====== PROVIDED ENTRIES

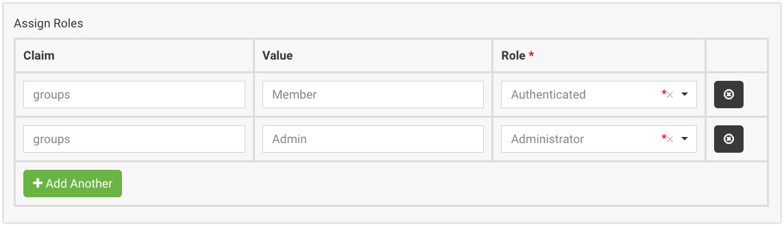 * If you are not delegating OIDC Roles, leave the **Claim** and **Value** setting blank and select a Form.io role you want to assign the user. The following configuration will delegate every OIDC user logging in to carry the Form.io Authenticated role.
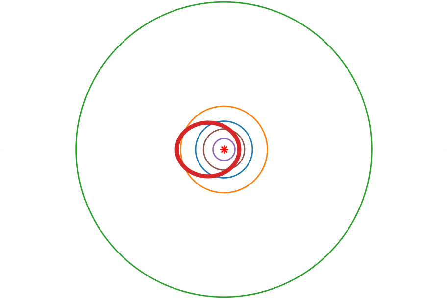 | 穿越大行星轨道 | 金星,地球,火星 |
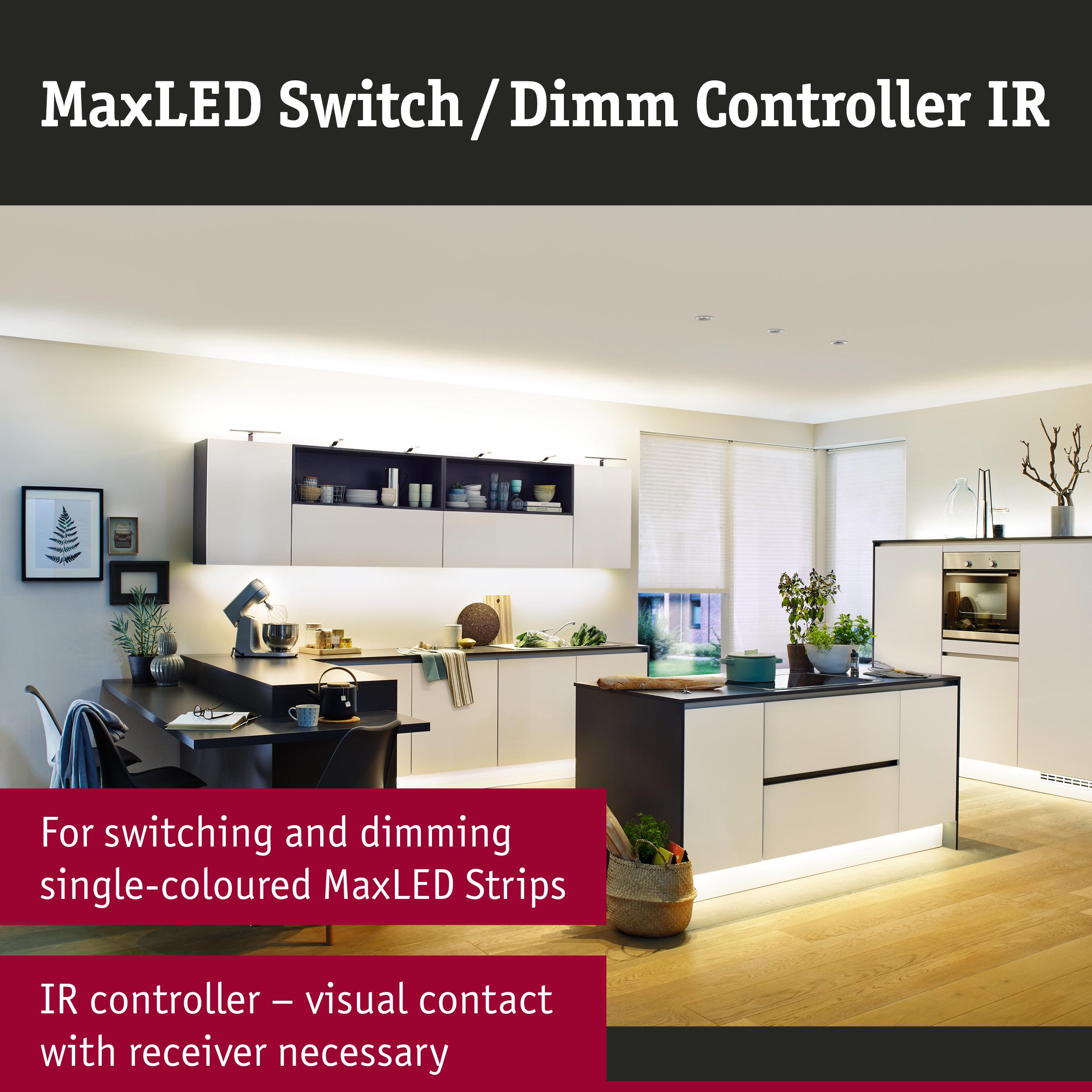 With the MaxLED Dim/Switch Controller and the supplied infra-red remote control, the uni-coloured MaxLED strips can be switched and dimmed. A line of sight is required between remote control and receiver for this purpose. The four memory spaces enable the programming of individual requirements.
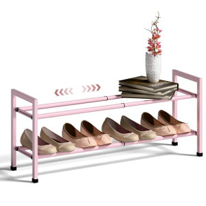 省スペース 靴 収納 下駄箱 段ボールストッカー 玄関 廊下 鉄パイプ45cmから83cm伸縮 組み立て式(2段・ピンク) 【シューズ収納ラック】この2段階調整可能なシューズラックは、幅45〜83cmに調整でき
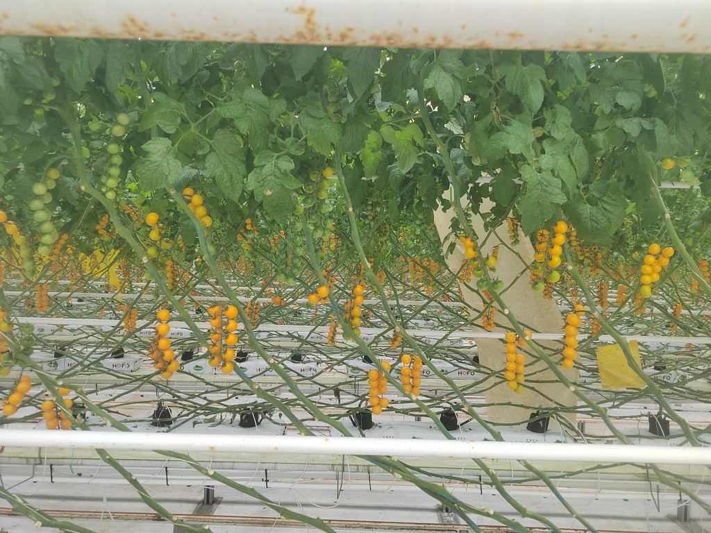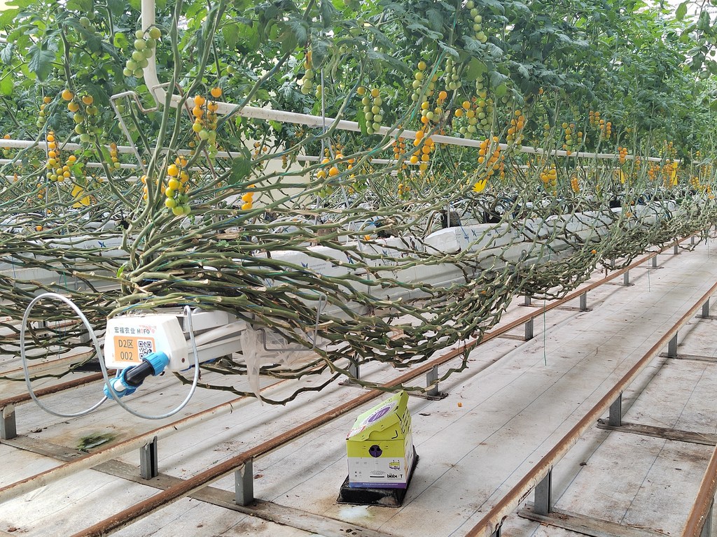 宏福现代农业产业园采用智能水肥一体化控制技术,实现温度、湿度、光照、二氧化碳等参数智能化管控。通过熊蜂授粉、生物防治、无土栽培等绿色技术,比传统日光温室增产10倍多。园区产出的番茄颗粒大小均匀、形态饱满、酸甜度俱佳,全年连续不断运往全国50余个城市的3600余家商超,成为北方冷凉地区的智慧农业标杆。

============

EXERCISE REQUIREMENTS
From the line with "穿越大行星轨道 | 金星,地球,火星 |" down to the last line of the records above, restate each line verbatim, passing over any picture.

ANSWER SPACE
 | 穿越大行星轨道 | 金星,地球,火星 |
 With the MaxLED Dim/Switch Controller and the supplied infra-red remote control, the uni-coloured MaxLED strips can be switched and dimmed. A line of sight is required between remote control and receiver for this purpose. The four memory spaces enable the programming of individual requirements.
 省スペース 靴 収納 下駄箱 段ボールストッカー 玄関 廊下 鉄パイプ45cmから83cm伸縮 組み立て式(2段・ピンク) 【シューズ収納ラック】この2段階調整可能なシューズラックは、幅45〜83cmに調整でき
 宏福现代农业产业园采用智能水肥一体化控制技术,实现温度、湿度、光照、二氧化碳等参数智能化管控。通过熊蜂授粉、生物防治、无土栽培等绿色技术,比传统日光温室增产10倍多。园区产出的番茄颗粒大小均匀、形态饱满、酸甜度俱佳,全年连续不断运往全国50余个城市的3600余家商超,成为北方冷凉地区的智慧农业标杆。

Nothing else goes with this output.